Position: the pt is in a sitting position, leaning back 30-40 degrees
Technique: percussion and vibration are performed above the clavicles.
Postural Drainage Positioning: Posterior Segment Right Upper Lobe- Patient Position and Technique
Position: The pt is turned 1/4 from prone on the left side with the bed horizontal and the head and shoulder raised on a pillow
Technique: Percussion and vibration are performed around the medial border of the right scapula.
Postural Drainage Positioning: Posterior Segment Left Upper Lobe- Patient Position &Technique
Position: pt is turned 1/4 from prone on the right side with the bed horizontal and the head and shoulders raised on a pillow
Technique: percussion and vibration are performed around the medial border of the left scapula.

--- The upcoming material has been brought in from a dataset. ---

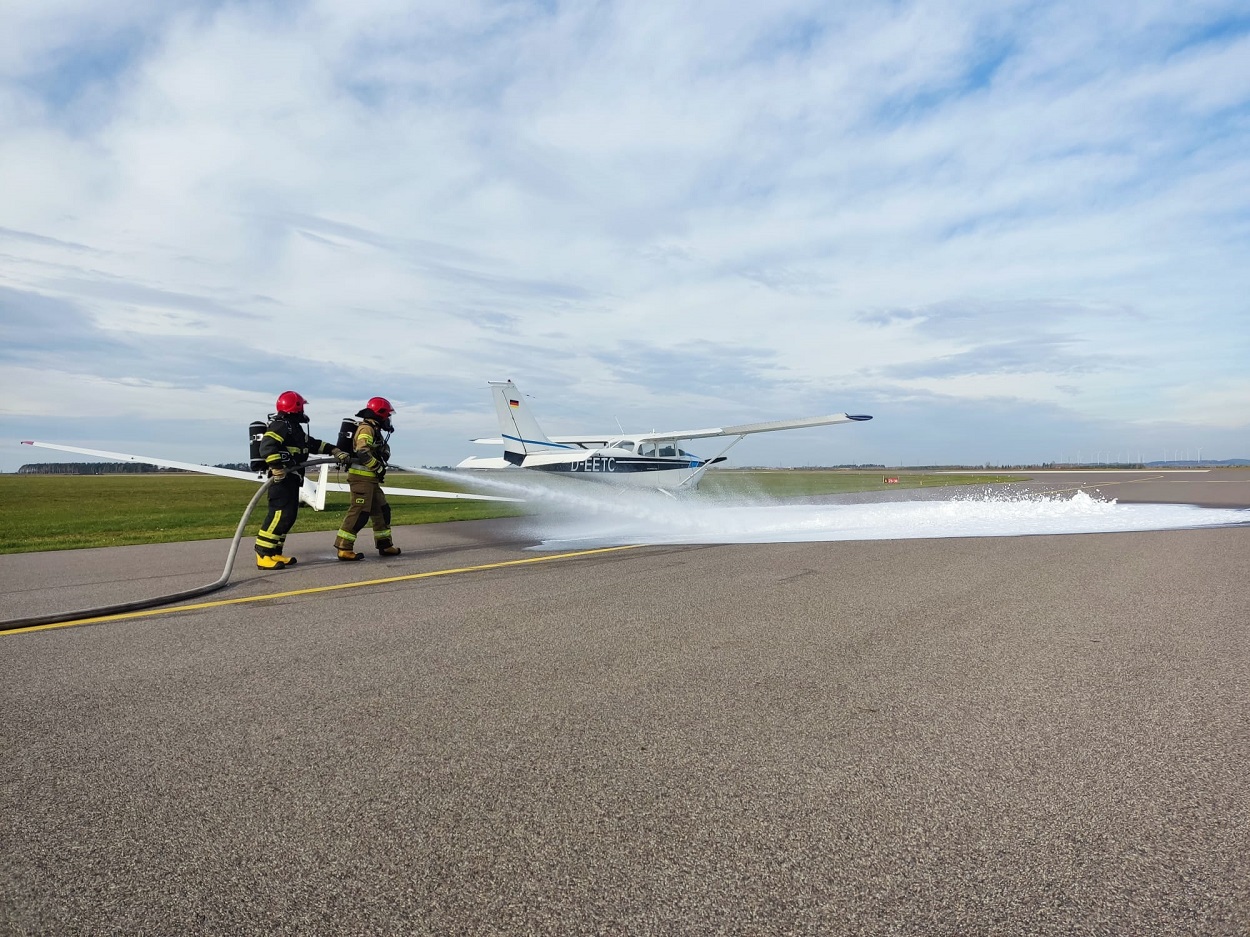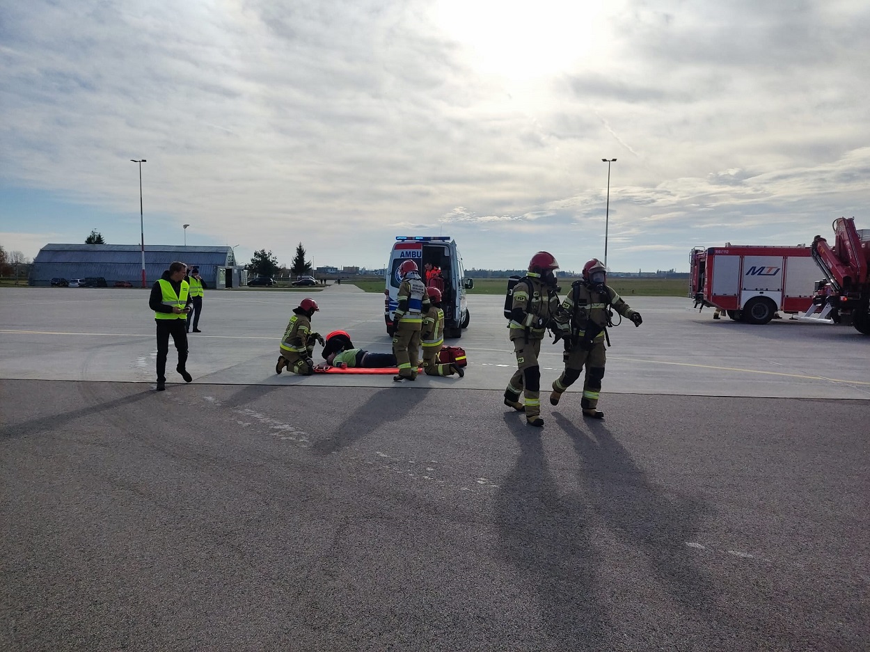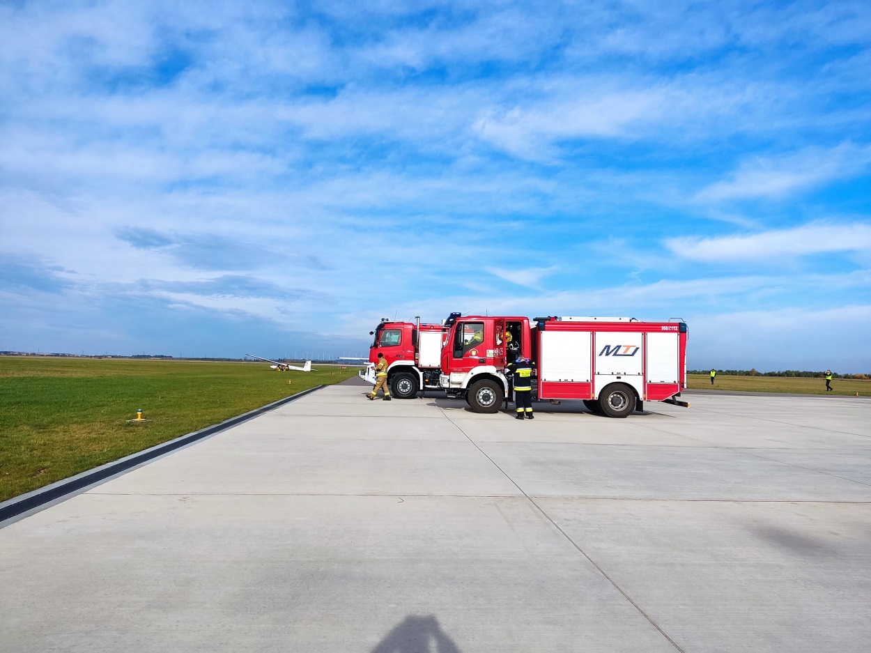 W dniu 03.11.2023 r. odbyły się ćwiczenia na suwalskim lotnisku służb ratowniczych oraz obsługi pasa startowego. Scenariusz działań zakładał awaryjne lądowanie szybowca, podczas którego traci on siłę nośną i nie jest w stanie wylądować, co skutkuje uderzeniem w samolot znajdujący się na pasie kołowania. Podczas wypadku obu statków powietrznych są poszkodowane trzy osoby uwięzione w środku oraz zagrożenie spowodowane pożarem. Strażacy uczestniczący w ćwiczeniach ewakuują osoby zagrożone, przekazując je Zespołowi Ratownictwa Medycznego z jednoczesnym przystąpieniem do likwidacji pożaru awionetki. Ćwiczenia miały na celu zapoznanie się służb ratowniczych z infrastrukturą lotniska, zagrożeniami i możliwością powstania zdarzenia przy jednoczesnej współpracy z pracownikami lotniska. W zdarzeniu ćwiczyli strażacy z Jednostki Ratowniczo – Gaśniczej nr 1, Jednostki Ratowniczo – Gaśniczej nr 2, Ochotnicza Straż Pożarna w Płocicznie, Zespół Ratownictwa Medycznego, Komenda Miejska Policji w Suwałkach.

Postural Drainage Positioning: Lingula Left Upper Lobe- Patient Position and Technique
Position: the pt is turned 1/4 from supine on the right side with the foot of the bed elevated 12 inches
Technique: percussion and vibration are performed over the left chest between the axillary and the left nipple.
postural Drainage Positioning: Anterior Segments Right and Left Upper Lobes- patient position & technique
Position: the patient is in supine with the bed horizontal
Technique: Percussion and vibration are performed below the clavicles
Postural Drainage Positioning: Right Middle Lobe- Patient Position and Technique
Position: the pt is turned 1/4 from supine on the left side with the foot of the bed elevated 12 inches.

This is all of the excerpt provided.